Re: Different way of maintaining users?

  • From: stephen booth <stephenbooth.uk@xxxxxxxxx>
  • To: vsimmons@xxxxxxxxxxxxxxx
  • Date: Sat, 15 Oct 2005 22:59:38 +0100

On 14/10/05, Vanessa A. Simmons <vsimmons@xxxxxxxxxxxxxxx> wrote:
>
> We are considering a change to the way our users access the database and our
> applications. We would like to make sure that users are getting to the data
> through the applications only and not using external tools (i.e.

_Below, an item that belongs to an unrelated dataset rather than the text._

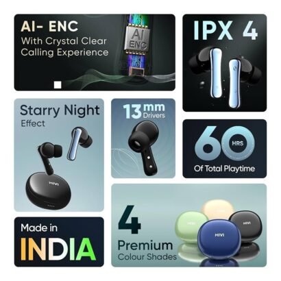 Enjoy powerful performance and crystal-clear sound with these True Wireless Earbuds, designed for all-day listening. Featuring 13mm electroplated bass drivers and custom amplifiers, they deliver deep, punchy lows and crisp highs for a premium audio experience. With over 45 hours of total playtime and fast charging support, you’ll never run out of music. The Bluetooth v5.3 ensures fast, stable connectivity, while the IPX4 sweatproof design makes them perfect for workouts and outdoor use. Finished in a sleek matte dual-tone look, these earbuds combine performance with style — proudly Made in India.

SQL*Plus)
> to access the database directly with the hopes that this will help us to
> further secure our databases.

One of the companies I used to work for wanted to do something similar
in a Forms app (forms 4.x IIRC).  The way they did it was to not grant
the table access to the user but instead to a password protected role.
 The role was granted to the user but not enabled., when the app
connected to the database it would enable the role and provide the
password (which was hard coded in the application)  I guess that you
could store the password  in an encrypted form in the database or an
external file so the application reads it in and decrypts it to use to
enable the role.

You'd have to have two users, one to own the schema that only the
administrators know the password for (apply the same levels of
security as you do for the system/sys accounts) and one that the
application uses to access the data.

SQL*Plus isn't your own (or probably even main) problem, there's a
certain level of barrier to entry to use it (you have to know SQL). 
Applications like Access and Excel connecting over ODBC tend to be a
bigger problem, there's a lower barrier to entry.

Stephen
--
It's better to ask a silly question than to make a silly assumption.